The Dewey Indictment – and the Dewey Timeline

The Dewey Indictment - and the Dewey Timeline

The collapse of Dewey & LeBoeuf sent shockwaves through the law business, but the indictment of senior members of the law firm which has provided the biggest law firm bankruptcy in history, is worth considering.

The timeline below is from the grand jury indictment, (see the link below for the indictment) unsealed by the Manhattan District Attorney’s office and alleging that former Dewey Chairman Steven Davis, former executive director Stephen DiCarmine, and former Chief Financial Officer Joel Sanders misrepresented expenses and falsely claimed revenue to hide a cash flow shortfall stemming from the financial crisis.

Among the key excerpts from the indictment, which charges that the “scheme” was developed in 2008 and concluded with the collapse of the law firm in 2012.  All charges are denied by the defendants.

Late 2008:

(Page 5) The merger, coming just before the financial crisis, was troubled from the start and the Firm’s first year financial performance was severely below expectations. By the end of that year, the Firm had more than $100 million in term debt outstanding and available lines of credit of more than $130 million with four banks (the “Banks”) …

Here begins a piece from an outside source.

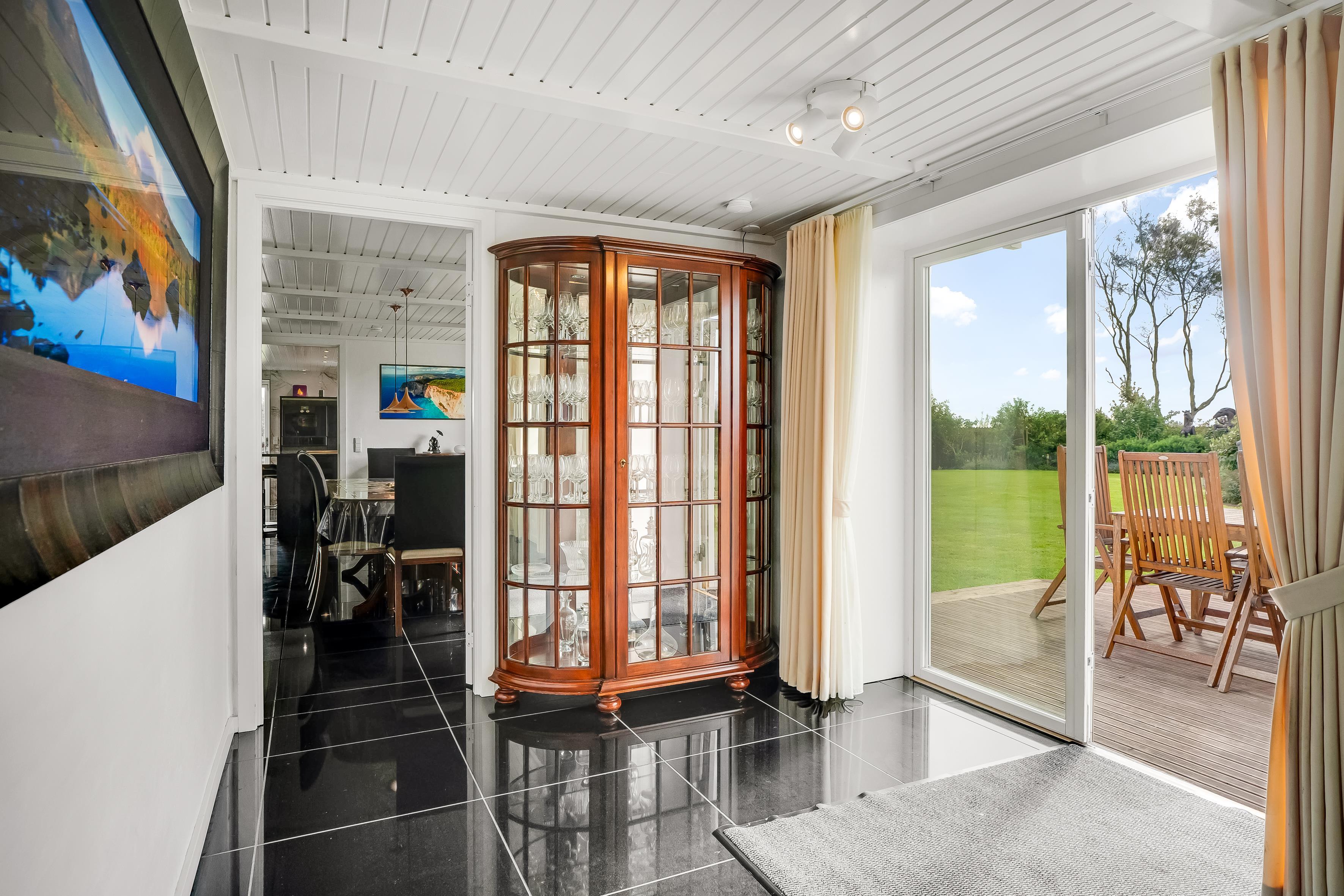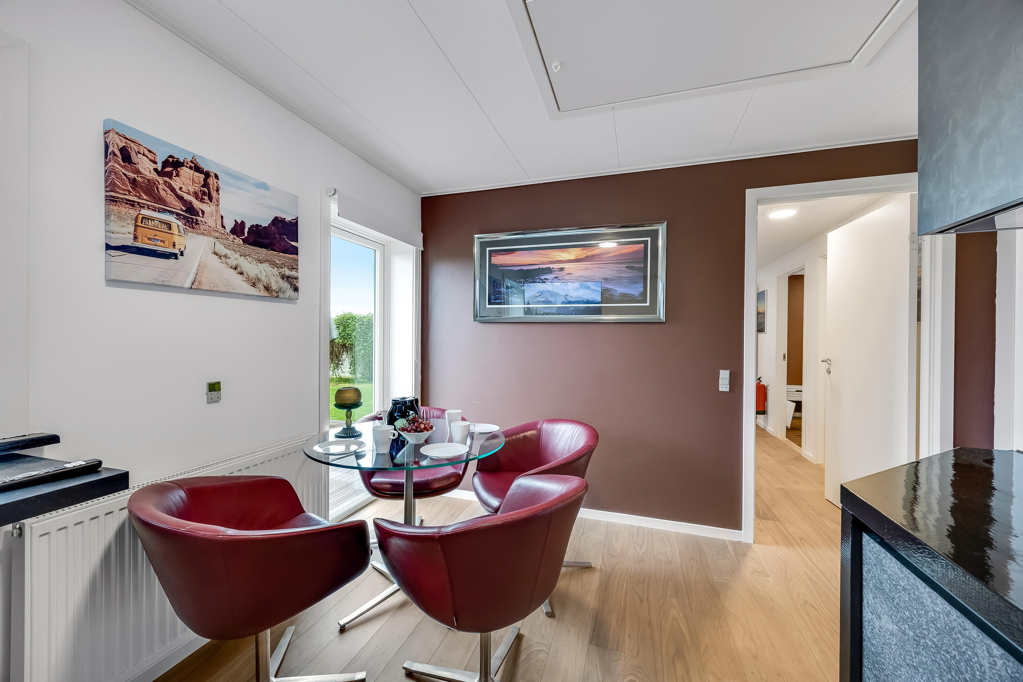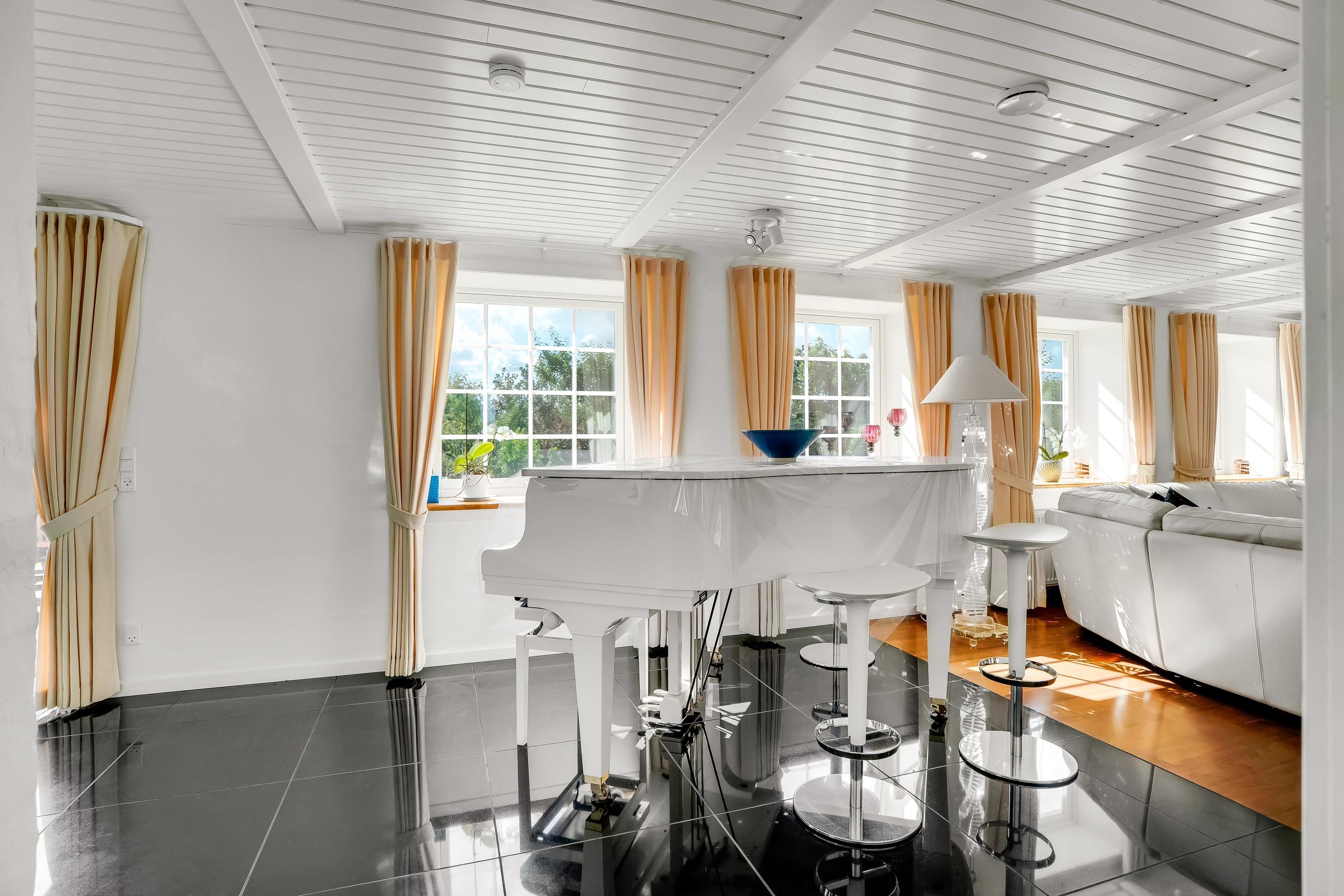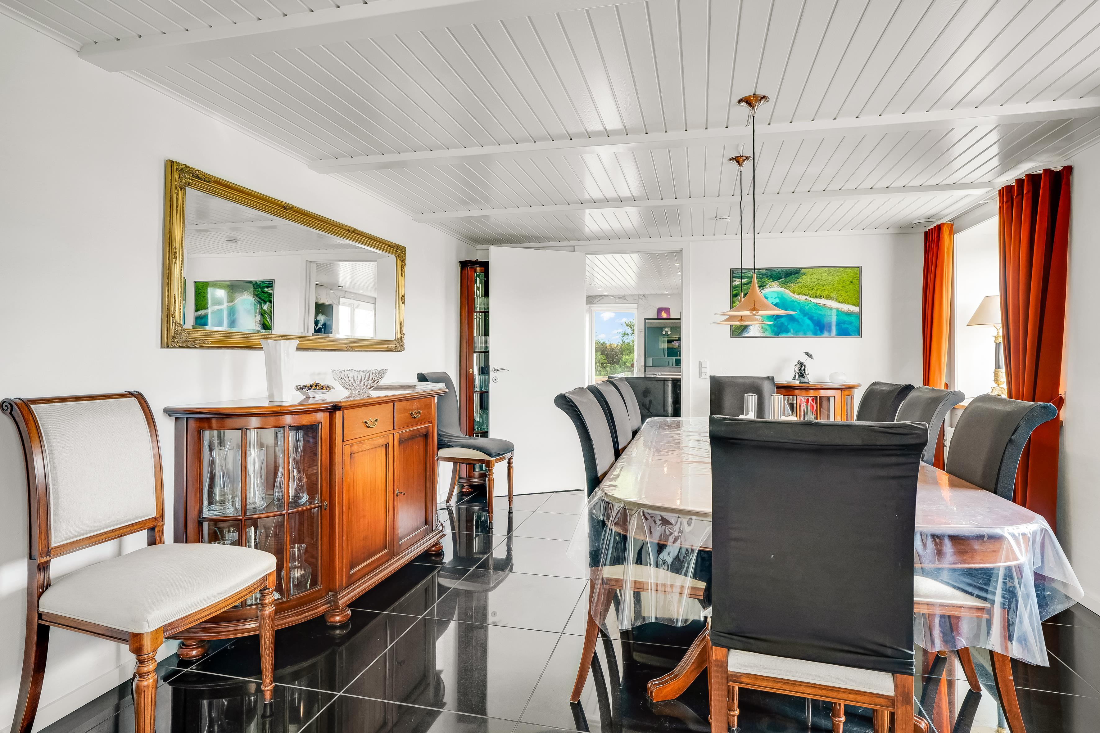 I hele huset er der gulvvarme, og indeklimaet holdes behageligt med et moderne genveksanlæg, der sikrer varme uden træk. Stue og spisestue rummer både spiseplads, stole og indbygget TV. Dagligstuen har store glaspartier, som giver et smukt lysindfald og direkte adgang til terrassen. Derudover findes der i alt tre brændeovne, seks TV samt et opholdsrum med spiseplads til op til 40 personer – ideelt til større selskaber.
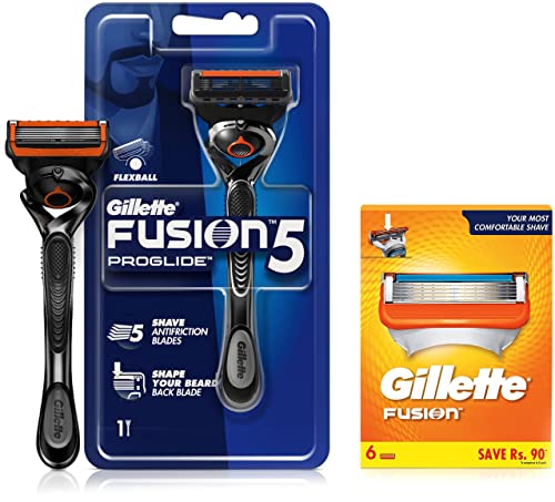 Gillette Proglide Men's Grooming Razor with Flexball Technology - Adapts to Facial Contours (1 pc)Introducing Gillette Fusion ProGlide with FlexBall Technology the men's razor that responds to contours for Gillette's ultimate shave. Reengineered Low Cutting Force Blades feature thinner finer edges with advanced low-resistance coating to cut effortlessly through hair with less tug and pull than Fusion. The Gillette Fusion ProGlide brings Gillette's cutting edge shaving technology with a Blade Stabilizer to provide the ultimate shaving experience. The Stabilizer maintains optimal blade spacing for the best comfort while allowing the blades to respond to the contours of a man's face. Its Streamlined Comfort Guard channels excess shaving cream and produces optimal blade contact stretching the skin for a close comfortable shave. Its Enhanced Lubrastrip is infused with mineral oil and lubricating polymers that allow the Gillette Fusion ProGlide to move smoothly over the skin even on repeat strokes.Gillette Fusion Shaving Blades- Pack of 6 (Cartridges)Gillette fusion offers every man whether clean-shaven or with facial hair a great way to shave. Gillette fusion features a 5-blade shaving surface technology on the front of the shaving cartridge. The blades are spaced 30 percent closer together than the mach3 razor family. This creates a shaving surface that distributes the shaving force across the blades for significantly less irritation and more comfort. Includes a lubrastrip which fades from green to white signalling when shave conditions have been reduced. The precision trimmer blade a single blade built into the back of the cartridge allows men to easily trim sideburns shave under the nose and shape facial hair. That's a great shave.

By or about the end of 2008, the Schemers had created a document they called the “Master Plan” that described certain fraudulent accounting adjustments that the Schemers decided to pursue as part of the Scheme….

(Page 55) On or about December 30, 2008, at or about 9:18 PM, in New York County, defendant [Chief Financial Officer Joel Sanders] sent an email to defendants [Executive Director Stephen DiCarmine]and [Chairman Steven Davis] that read, in substance, “We need $50M tomorrow to meet our covenant.” On or about December 30, 2008, at or about 11:42 PM, in New York County, defendant DAVIS replied, in substance, “Ugh.”

On or about December 31, 2008, in New York County, Employee C documented the fraudulent adjustments he and defendant SANDERS decided to employ in the presence of defendant [client-relations manager at the firm, Zachary Warren] on or about December 30, 2008 in a document Employee C named the “Master Plan.”…

[A]fter creating the “Master Plan,” Employee C wrote an email, at or about 7:24 PM, to defendant WARREN, which stated in substance, “Great job dude. We kicked ass! Time to get paid.”

Feb. 2009:

(Page 8) In February 2009, the Firm reported to its lenders that it had satisfied the Cash Flow Covenant at year-end 2008 by a little more than $4 million. In fact, the Firm was able to achieve this result only by making millions of dollars of fraudulent accounting entries, including, among others, those described above….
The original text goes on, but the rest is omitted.